IKEA provides a great example of selling things people want. As an established brand, IKEA has defined segments of their target customers that caters to various customer life-cycles, from young couples in their first apartment, small families, large families with older kids, to retirees.The brand has a whole designing team of artists and architects dedicated to developing homeware and furniture that help customers in their daily lives. From sophisticated wardrobes with three sliding doors to a simple glass bottle with a stopper, IKEA’s products are made to ease their customers’ lives.
- Maximise Your Brand’s Potential
By intensifying all your branding resources towards a defined target customer, you’ll focus on those most likely to purchase, thus increasing the chances for a sale. Positive sales growth is a valuable metric that will help in many ways. It will grow your business, get investors talking, and strengthen your brand. With a strong customer base, your brand would also garner fans and foster brand loyalty.
Adidas has a strong customer base that helps them stay competitive against Nike and Puma. The brand differentiates itself by selling to football players and enthusiasts. Among their branding strategies include sponsoring football events such as the FIFA World Cup and the Euro Cup, as well as sponsoring many football athletes like Lionel Messi.
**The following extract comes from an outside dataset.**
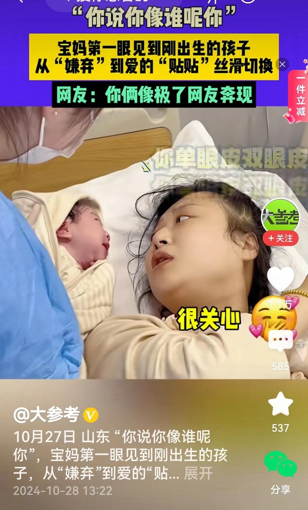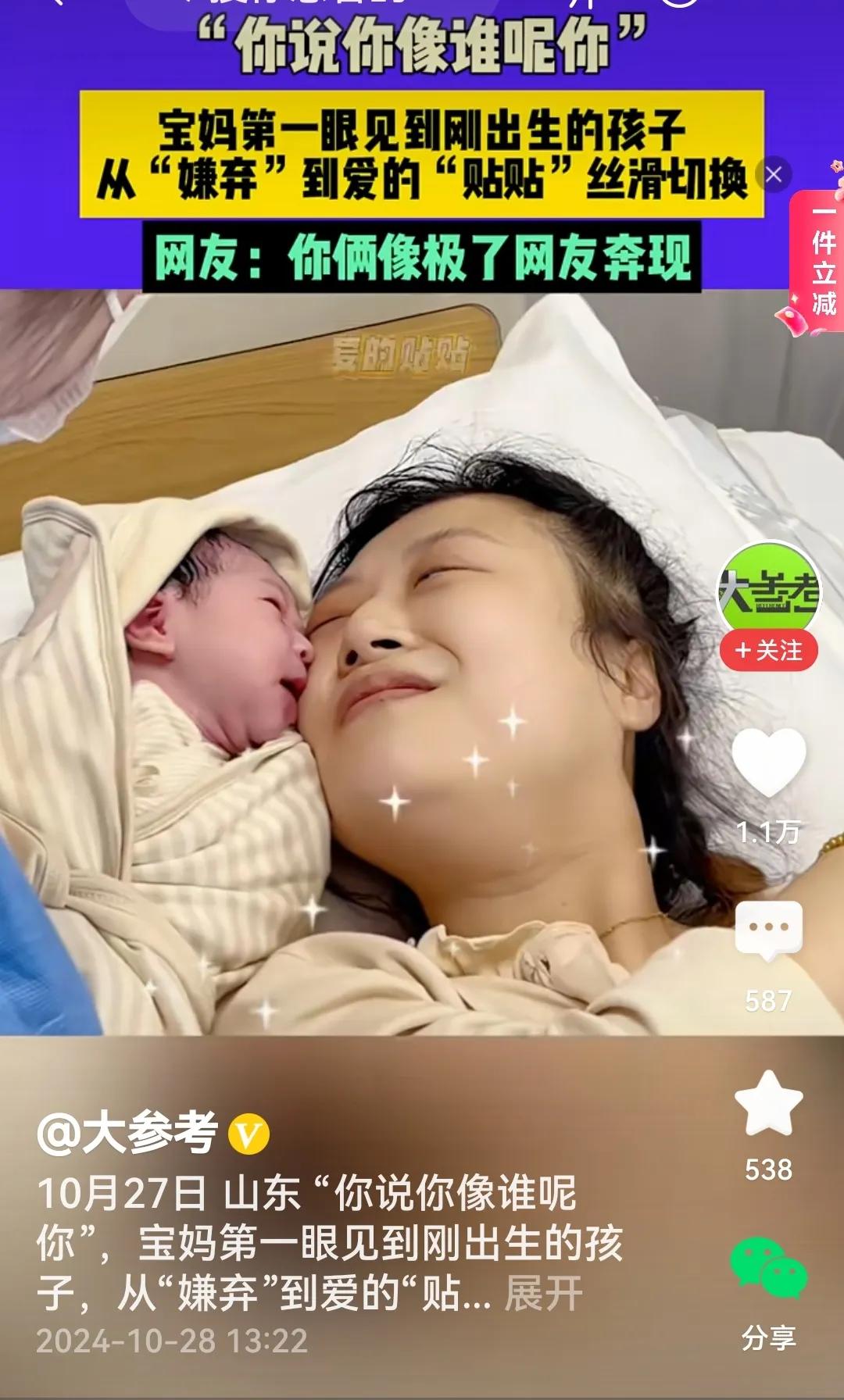 #宝妈见到刚出生的娃像极了网友奔现# 产房里的一幕。 视频里看到,护士把刚出生的宝宝抱给宝妈看,宝妈的第一反应是嫌弃的表情与眼神,同时冒出一句:你说你像谁呢你。可是分分钟,宝妈便与宝宝脸贴脸,如痴如醉,一脸的幸福洋溢开来,心都被融化了。 话说回来,宝妈对刚出生的宝宝反应为啥如此之大呢?唉!这刚出生的宝宝差不多一个样,小脸红红的,眼睛半睁半闭的,着实不怎么耐看,所以一瞬间宝妈露出嫌弃的表情不奇怪。但母性是天然的与生俱来的,宝宝宝宝,无论宝宝长得什么样,那毕竟是自己身上掉下的肉啊!随之母性便漫延开来,啊!宝宝,我的作品问世了。 再者,宝宝多大才好看呢?老话说得好,三个月看孩儿,或者说宝宝三个月大时便耐看了,亦或者说宝宝三个月后才越看越喜欢,总是看不够。等到宝宝喊出第一声“妈妈”时,宝妈才真的醉了,此情此景,宝妈会无比激动颤抖着说:再叫一声,再叫一声…… (个人观点,内容取材于网络)

This move establishes Adidas as a relevant brand for sports, and especially in football. - Saves You a Billion Bucks
By setting your target customer, you would stream valuable budget more efficiently. You will know where to invest, who to hire, what brand strategy to use, and which marketing channel works best to get the most brand awareness from your customers. Best of all, by understanding what your customers like and dislike, you will save your brand and your business from costly mistakes.
Mistakes do happen, even for top brands. Snapchat, once a famous messaging platform, had an app redesign earlier this year. It didn’t go very well. Users disliked the new interface, which they found confusing and disorienting. The app’s active users plummeted as people switched to an obvious alternative; Instagram Stories, which in contrast, knew how to market to end users and businesses.Despite Snapchat getting the first-mover advantage in the multimedia-sharing innovation, Instagram is the current chart-topper. This is thanks to Instagram’s deep understanding of how people use their Stories feature. They also made it better and easier for people to check and navigate their posts back and forth. While Instagram milks their new success, Snapchat is scrambling to cover losses and a shrinking number of users.
- Makes You A Formidable Competitor
All of the points above will help you become a better, competitive brand. When you know your customers, you know what to do and what resources to use. And when you know your methods, you can track progress better, and you can plan ahead better. SMEs, in particular, can benefit a lot with a defined and well-invested target customer. Many SMEs have unique and niche (sometimes unseen) target customers, which paves the way for innovation and ingenuity.
Larger companies can also benefit with a segmented or niche target customers and be innovative. That’s how the team at Jardin Craft brands themselves. They target homeowners who want a fuss-free way to liven up their space with plants and flowers. It is why the brand showcases their pots in unusual environments and combinations.